Gated residual fusion: To maintain stability with a frozen backbone, we gate the prompt-induced update:

$${\alpha }^{(\ell )}\,=\,\sigma \,\left({{\rm{MLP}}}_{g}\,\left([{\rm{mean}}({\widetilde{P}}^{(\ell )}),\,{z}_{{\rm{cls}}}^{(\ell -1)}]\right)\right)\in (0,1),$$

(9)

$${Z}^{(\ell )}\,=\,(1-{\alpha }^{(\ell )})\,{Z}^{(\ell -1)}\,+\,{\alpha }^{(\ell )}\,{\widehat{Z}}^{(\ell )},$$

(10)

where [⋅, ⋅] denotes concatenation and σ is the sigmoid. This specific combination concatenates the global visual context (${z}_{{\rm{cls}}}^{(\ell -1)}$) with the aggregated anatomical guidance (${\rm{mean}}({\widetilde{P}}^{(\ell )})$), allowing the gating mechanism to dynamically calibrate the injection strength based on both the current semantic state and the available anatomical evidence. Eqs. (6)–(10) are implemented with multi-head projections; all projection matrices and MLP_g are trainable and small.

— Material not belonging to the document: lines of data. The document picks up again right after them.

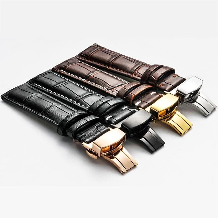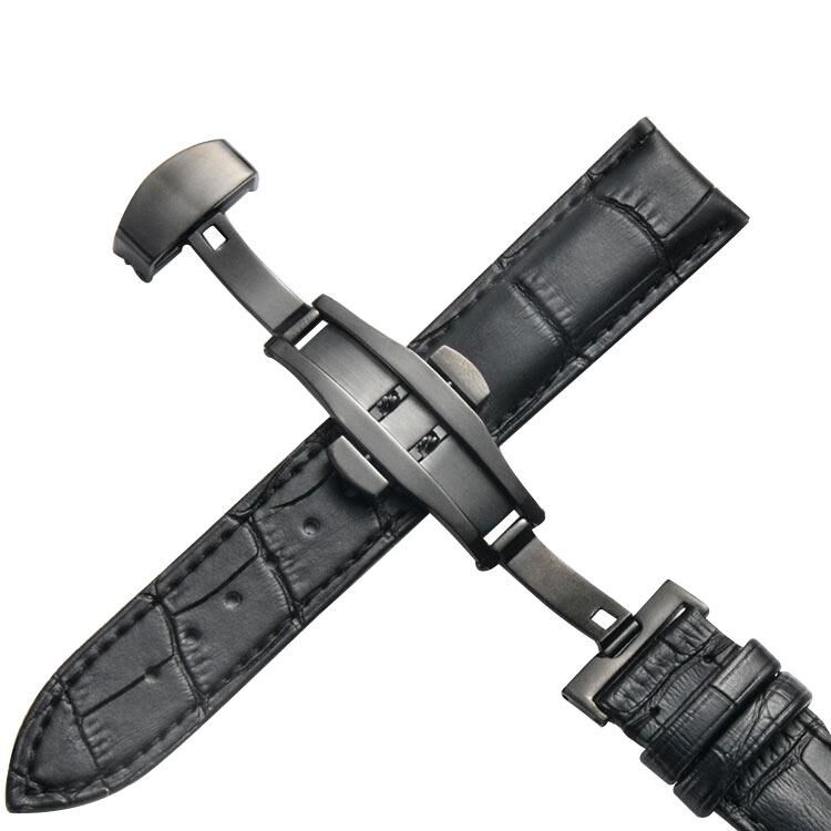 Λουρί ρολογιού από δέρμα αγελάδας κλασικού στυλ 22mm, μαύρο, με αγκράφα πεταλούδας (Μαύρο)
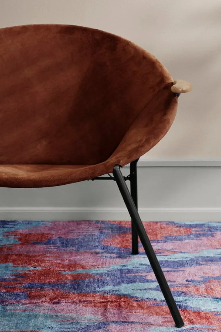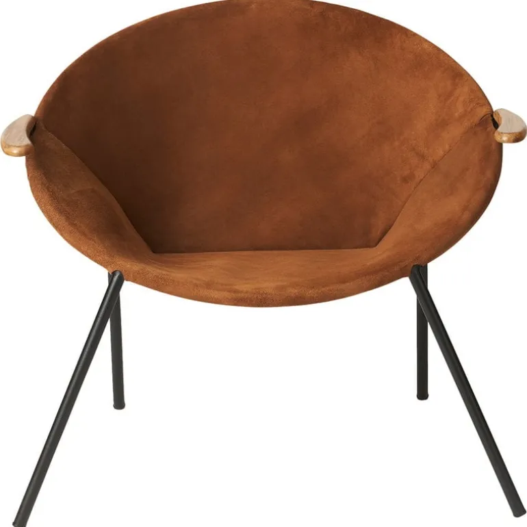 Balloon lounge chair, designed by Hans Olsen in 1955, is a joyful piece of Danish design characterized by a round silhouette and exquisite materials. Re-released by Warm Nordic as part of the collection of Danish design classics, Balloon captures the spirit of the 1950s by combining a playful, experimental attitude with skilled craftsmanship and sophisticated appearance. Handcrafted in Denmark, the round steel frame of Balloon has an inviting suede seat. The armrests are solid teak, and the leather has been fastened with laces that make a decorative detail to the back of the chair. Thanks to its lightweight structure and fascinating appearance from front to the back, Balloon will settle both by the wall or to the center of the room.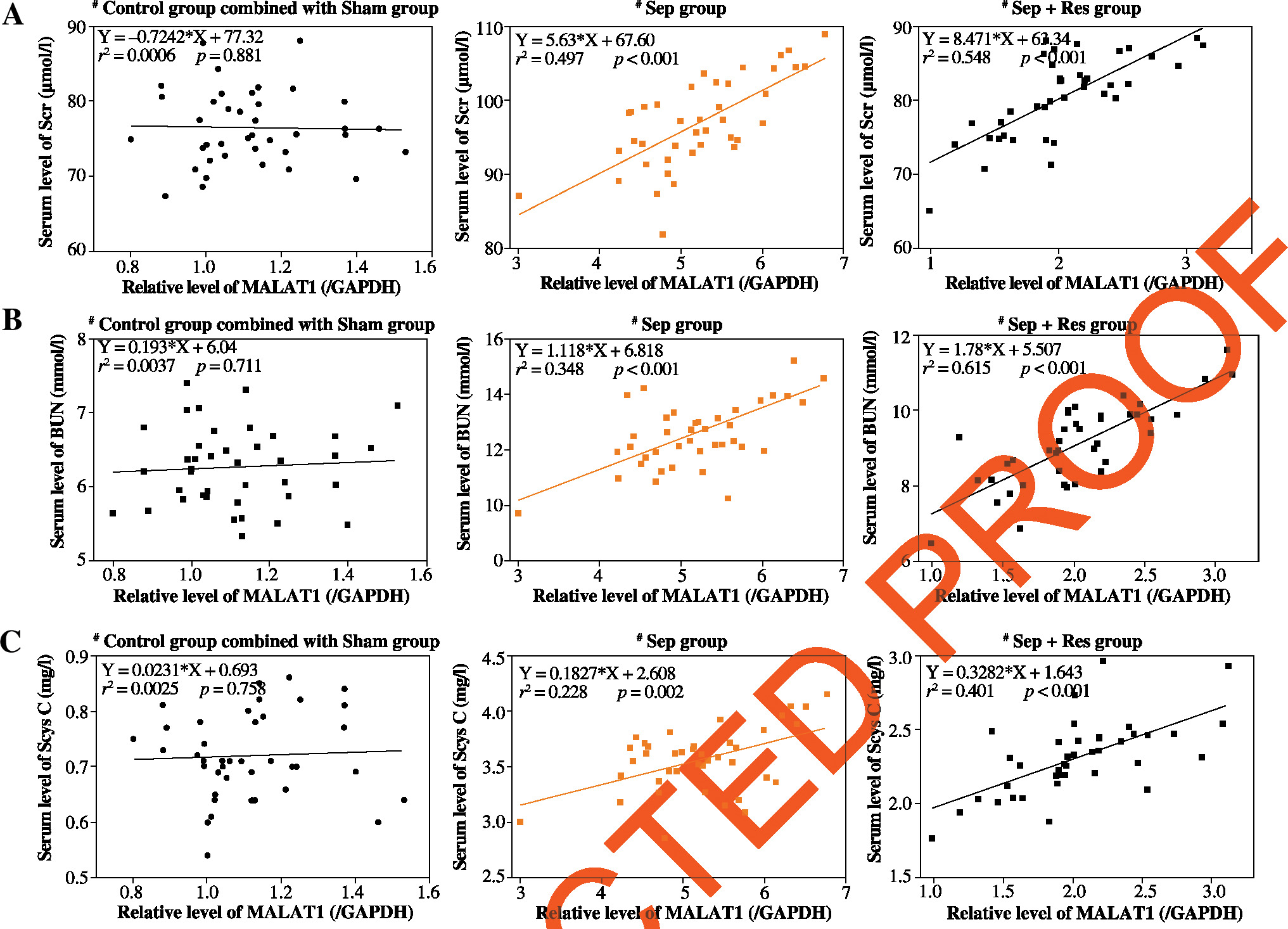 MALAT1 level was positively correlated with serum levels of IL-1β (Fig. 2A), IL-6 (Fig. 2B) and TNF-α (Fig. 2C) in model rats of sepsis group (IL-1β: rs = 0.358, p < 0.001; IL-6: rs = 0.481, p < 0.001; TNF-α: r2 = 0.349, p < 0.001) and Sep + Res group (IL-1β: r2 = 0.576, p < 0.001; IL-6: r2 = 0.325, p < 0.001; TNF-α: r2 = 0.596, p < 0.001). There were also pronounced correlations between MALAT1 level and levels of Scr (Fig. 3A), BUN (Fig. 3B) and Scys C (Fig. 3C) among rats of sepsis group (Scr: r2 = 0.497, p < 0.001; BUN: r2 = 0.348, p < 0.001; Scys C: r2 = 0.228, p = 0.002) and rats of Sep + Res group (Scr: r2 = 0.548, p < 0.001; BUN: r2 = 0.615, p < 0.001; Scys C: r2 = 0.401, p < 0.001). Furthermore, MALAT1 level rose significantly as NGAL (Fig. 4A) and KIM-1 (Fig. 4B) levels were elevated in model rats of the sepsis group (NGAL: rs = 0.421, p < 0.001; KIM-1: rs = 0.484, p < 0.001) and Sep + Res group (NGAL: rs = 0.613, p < 0.001; KIM-1: rs = 0.577, p < 0.001). Nonetheless, hardly any significance was discerned in the correlation between serum level of MALAT1 and serum level of IL-1β (p = 0.302), IL-6 (p = 0.827), TNF-α (p = 0.128), Scr (p = 0.881), BUN (p = 0.711), Scys C (p = 0.758), NGAL (p = 0.492) or KIM-1 (p = 0.402) (Figs. 2-4).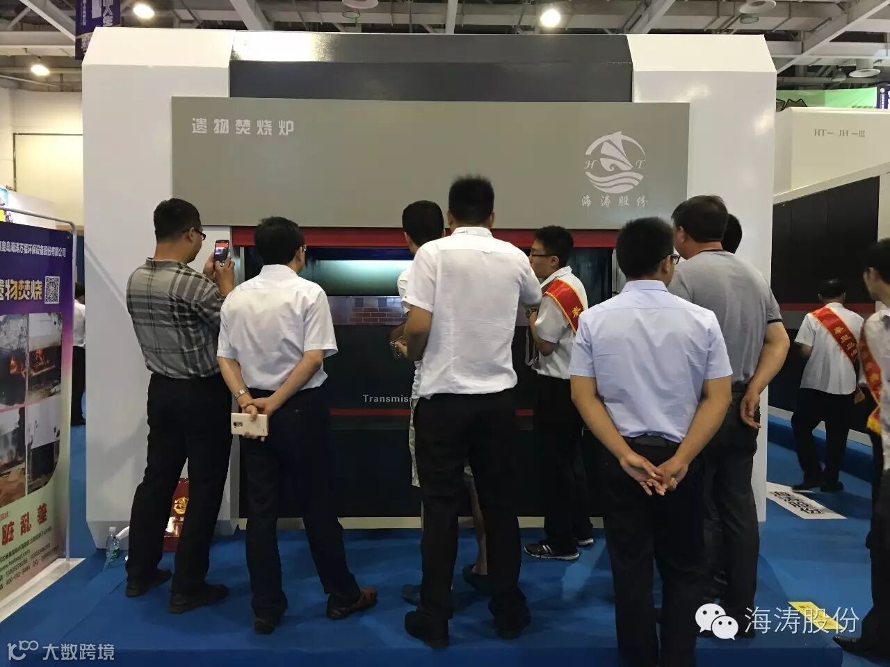 今天,我们迎来了又一次客流高峰,尽管现场人头攒动,海涛人耐心的讲解、热情的接待,赢得了驻足于海涛股份展区来宾们的一致好评,“全国首创、海涛独创”的高科技产品就在这里,十二生肖祭祀园、遗物焚烧炉、高档智能火化机、尾气后处理设备前挤满了前来咨询的人.
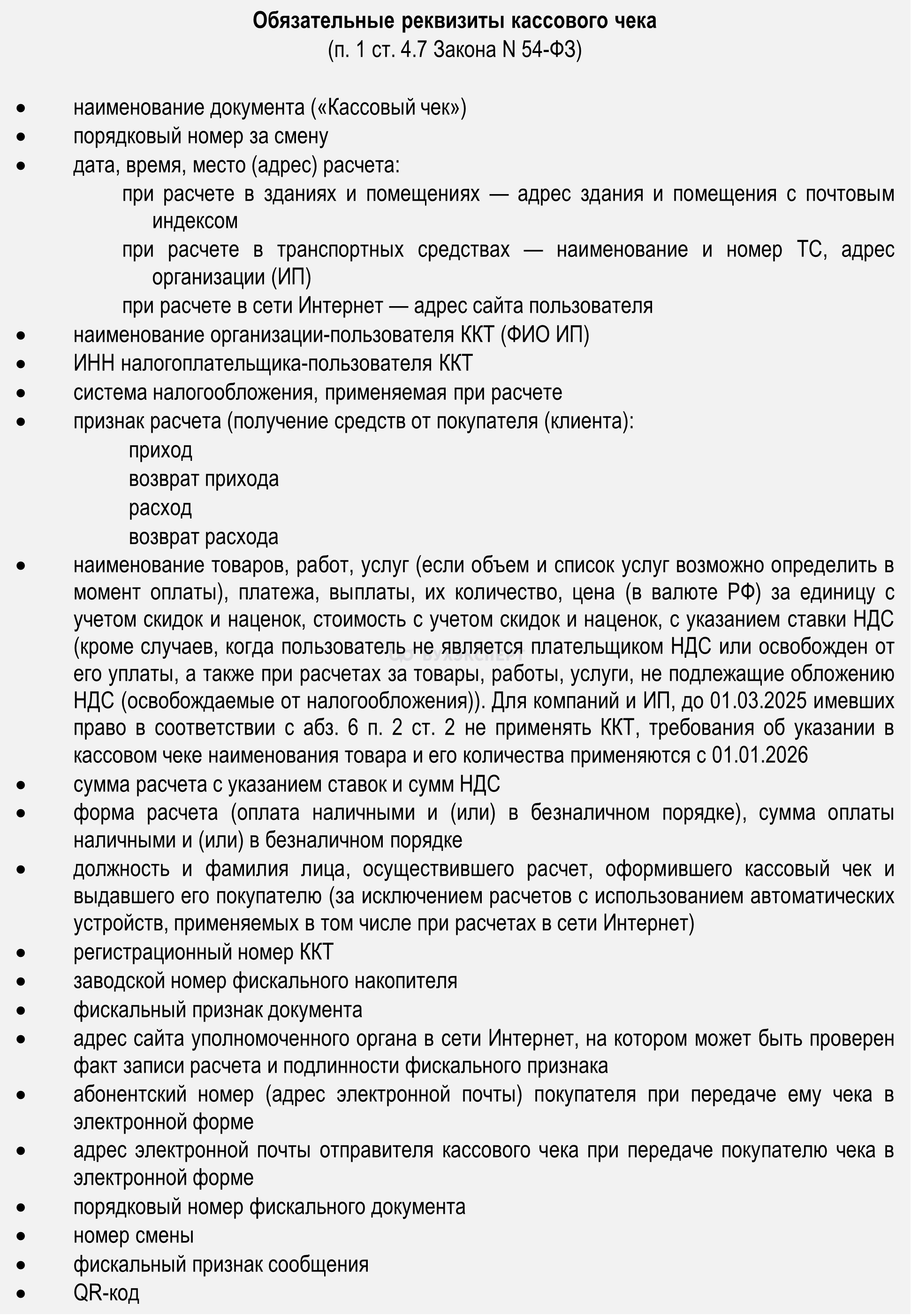 С 01.09.2025 введены дополнительные реквизиты кассового чека (Приказ ФНС от 26.03.2025 N ЕД-7-20/236).

Cross-modal anatomical alignment (CMAA)

Motivation

We align tissue-level semantics across modalities to achieve robust transfer. We consider two supervision sources: (a) image–report text pairs via a frozen text encoder Ψ (if available), and (b) region-type labels or pseudo-labels shared across modalities.

Region-level contrast

Let E^(m) be region embeddings (Eq. 3). We project them to a contrastive space with ${h}_{\phi }:{{\mathbb{R}}}^{d}\,\to \,{{\mathbb{R}}}^{{d}_{c}}$, and ℓ₂-normalize:

$${r}_{k}^{(m)}\,=\,\frac{{h}_{\phi }\,\left({E}_{k}^{(m)}\right)}{{\left\Vert {h}_{\phi }\left({E}_{k}^{(m)}\right)\right\Vert }_{2}}\in {{\mathbb{R}}}^{{d}_{c}}.$$

(11)

For a minibatch ${\mathcal{B}}$ and temperature τ > 0, we maximize agreement between the same region type across modalities (positives) and push away others (negatives):

$${{\mathcal{L}}}_{\mathrm{RCL}}\,=\,-\mathop{\sum }\limits_{(i,k)\in {\mathcal{B}}}\log \frac{{\sum }_{(j,{k}^{+})\in {\mathcal{P}}(i,k)}\exp \,\left(\langle {r}_{k}^{({m}_{i})},{r}_{{k}^{+}}^{({m}_{j})}\rangle /\tau \right)}{{\sum }_{(j,t)\in {\mathcal{N}}(i,k)}\exp \,\left(\langle {r}_{k}^{({m}_{i})},{r}_{t}^{({m}_{j})}\rangle /\tau \right)},$$

(12)

where ${\mathcal{P}}(i,k)$ collects positives that share the same anatomy type as (i, k) but come from other modalities or views; ${\mathcal{N}}(i,k)$ includes all negatives. Region types can be derived from atlas tags or by clustering E^(m) with EMA-updated centroids.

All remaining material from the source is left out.